Segment Start: Data shown
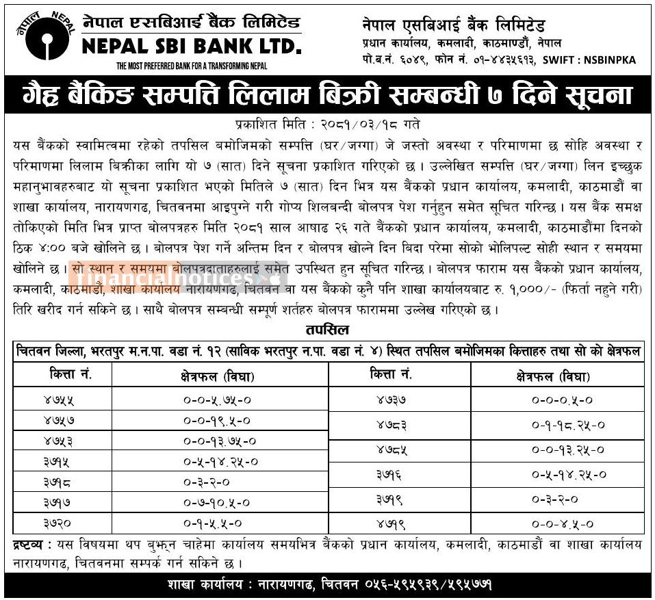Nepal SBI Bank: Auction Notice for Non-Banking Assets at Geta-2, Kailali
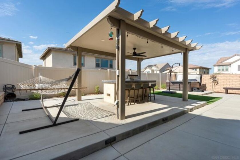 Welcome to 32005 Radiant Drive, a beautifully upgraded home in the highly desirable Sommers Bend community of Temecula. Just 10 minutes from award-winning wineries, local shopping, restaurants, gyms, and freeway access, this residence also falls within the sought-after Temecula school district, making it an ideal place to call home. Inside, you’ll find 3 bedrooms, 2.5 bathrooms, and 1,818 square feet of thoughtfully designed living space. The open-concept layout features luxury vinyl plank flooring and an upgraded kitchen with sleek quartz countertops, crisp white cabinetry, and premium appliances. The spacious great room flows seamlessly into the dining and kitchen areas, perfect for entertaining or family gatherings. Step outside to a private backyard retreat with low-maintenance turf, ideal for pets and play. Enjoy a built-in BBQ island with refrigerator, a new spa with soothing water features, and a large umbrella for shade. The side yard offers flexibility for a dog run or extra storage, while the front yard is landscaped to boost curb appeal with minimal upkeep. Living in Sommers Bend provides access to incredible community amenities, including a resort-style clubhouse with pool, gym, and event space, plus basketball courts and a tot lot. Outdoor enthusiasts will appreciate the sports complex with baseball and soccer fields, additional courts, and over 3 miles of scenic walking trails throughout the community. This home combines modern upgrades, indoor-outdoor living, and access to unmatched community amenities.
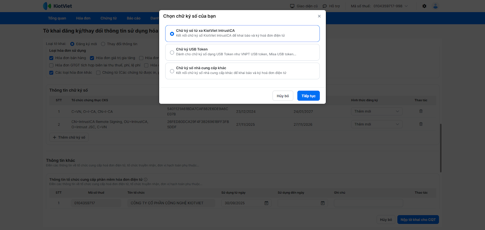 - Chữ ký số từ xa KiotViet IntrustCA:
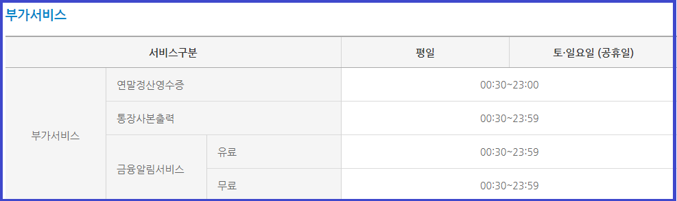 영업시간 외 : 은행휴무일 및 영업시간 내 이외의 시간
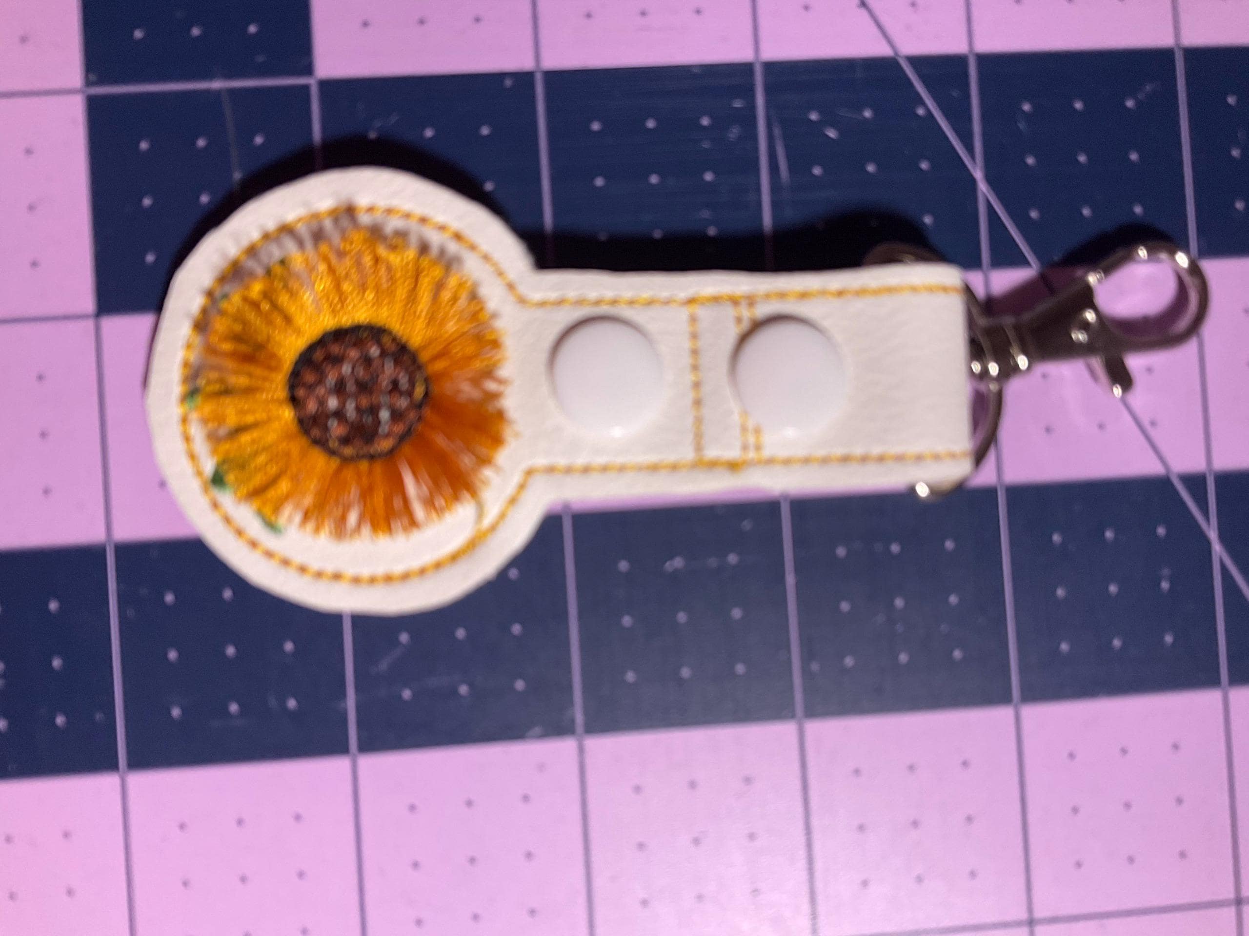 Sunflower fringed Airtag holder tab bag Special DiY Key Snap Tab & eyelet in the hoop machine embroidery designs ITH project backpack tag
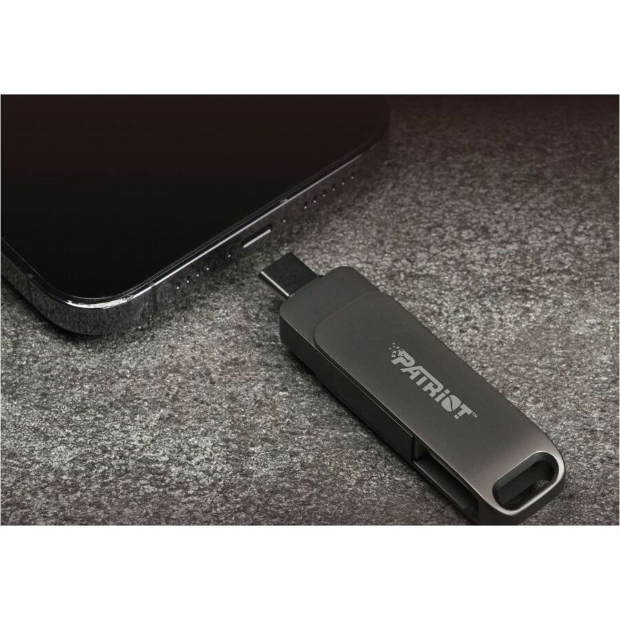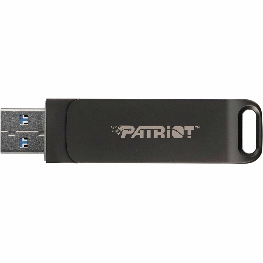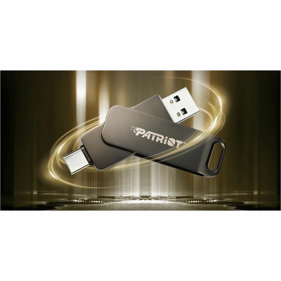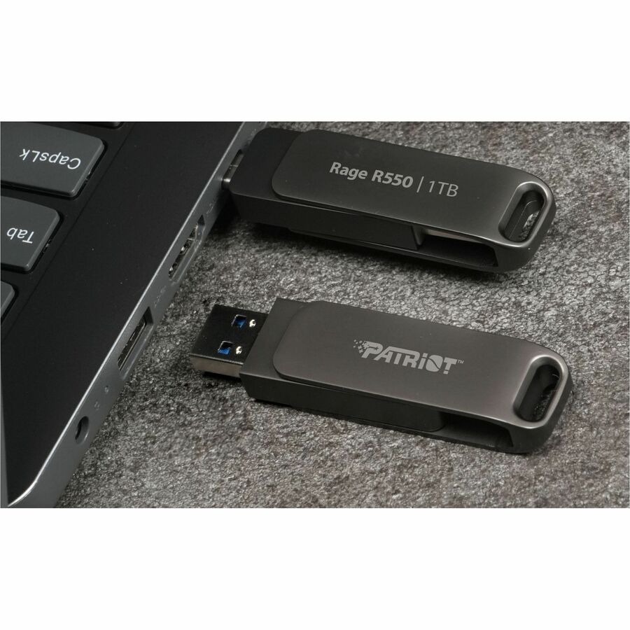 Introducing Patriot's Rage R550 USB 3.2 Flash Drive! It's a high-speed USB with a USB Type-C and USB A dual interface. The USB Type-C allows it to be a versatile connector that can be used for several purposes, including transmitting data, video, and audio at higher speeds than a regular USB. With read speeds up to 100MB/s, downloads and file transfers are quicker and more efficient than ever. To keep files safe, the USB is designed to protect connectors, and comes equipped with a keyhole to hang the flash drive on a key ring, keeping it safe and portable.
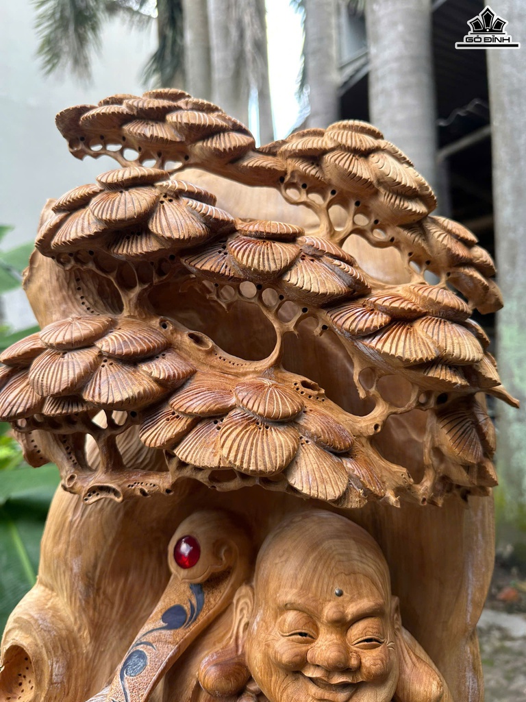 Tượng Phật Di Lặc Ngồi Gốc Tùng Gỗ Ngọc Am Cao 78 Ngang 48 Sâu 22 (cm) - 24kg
Segment End: Data shown
Segment Start: Data shown
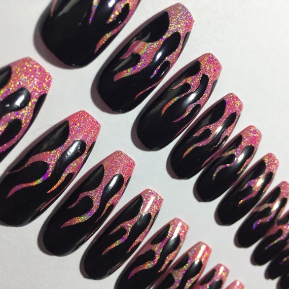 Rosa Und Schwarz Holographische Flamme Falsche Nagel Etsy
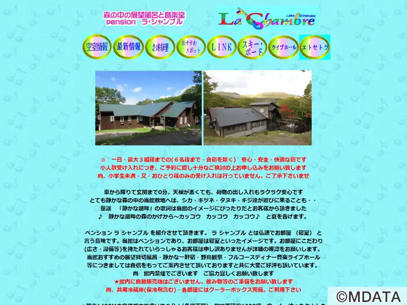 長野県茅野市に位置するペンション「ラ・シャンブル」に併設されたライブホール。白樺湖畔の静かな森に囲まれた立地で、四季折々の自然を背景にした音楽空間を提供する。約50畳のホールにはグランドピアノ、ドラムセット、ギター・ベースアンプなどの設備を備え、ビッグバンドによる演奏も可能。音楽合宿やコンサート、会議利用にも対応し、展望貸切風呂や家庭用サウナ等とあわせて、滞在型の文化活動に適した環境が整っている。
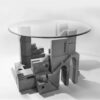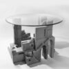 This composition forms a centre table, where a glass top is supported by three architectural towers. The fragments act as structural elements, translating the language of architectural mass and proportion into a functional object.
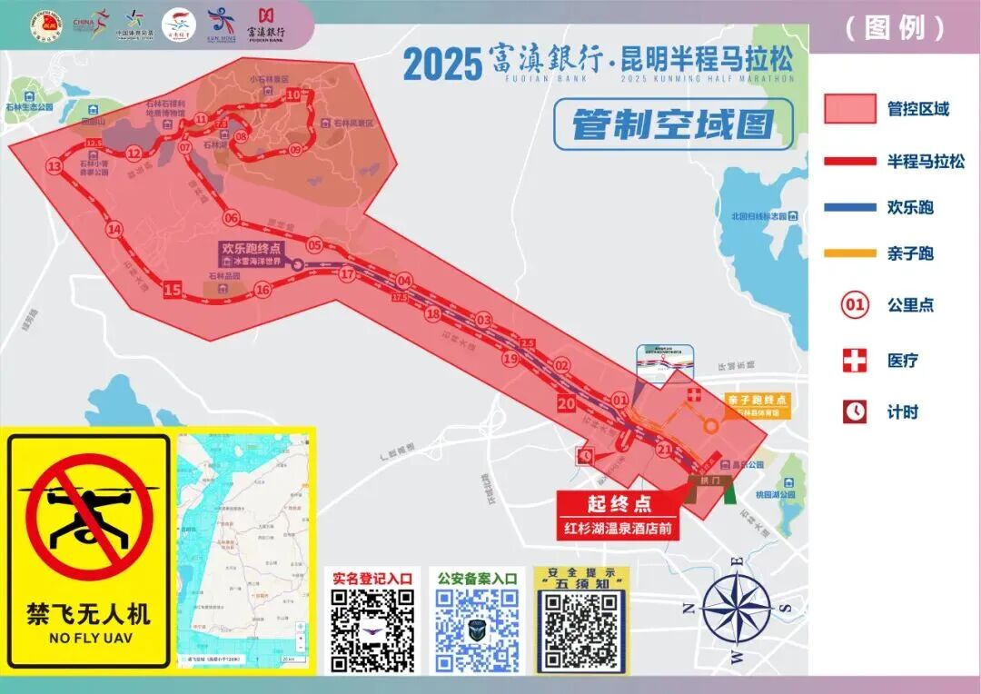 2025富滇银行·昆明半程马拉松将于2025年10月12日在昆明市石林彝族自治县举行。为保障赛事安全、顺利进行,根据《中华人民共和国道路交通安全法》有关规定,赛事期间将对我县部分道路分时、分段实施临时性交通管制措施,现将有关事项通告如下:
Segment End: Data shown
» Exercise requirements:
Using the data above, output the line that has "Introducing Patriot's Rage", the line that has "Tượng Phật Di", and whatever lines fall between, each exactly as it stands and without pictures.

» Response area:
 Introducing Patriot's Rage R550 USB 3.2 Flash Drive! It's a high-speed USB with a USB Type-C and USB A dual interface. The USB Type-C allows it to be a versatile connector that can be used for several purposes, including transmitting data, video, and audio at higher speeds than a regular USB. With read speeds up to 100MB/s, downloads and file transfers are quicker and more efficient than ever. To keep files safe, the USB is designed to protect connectors, and comes equipped with a keyhole to hang the flash drive on a key ring, keeping it safe and portable.
 Tượng Phật Di Lặc Ngồi Gốc Tùng Gỗ Ngọc Am Cao 78 Ngang 48 Sâu 22 (cm) - 24kg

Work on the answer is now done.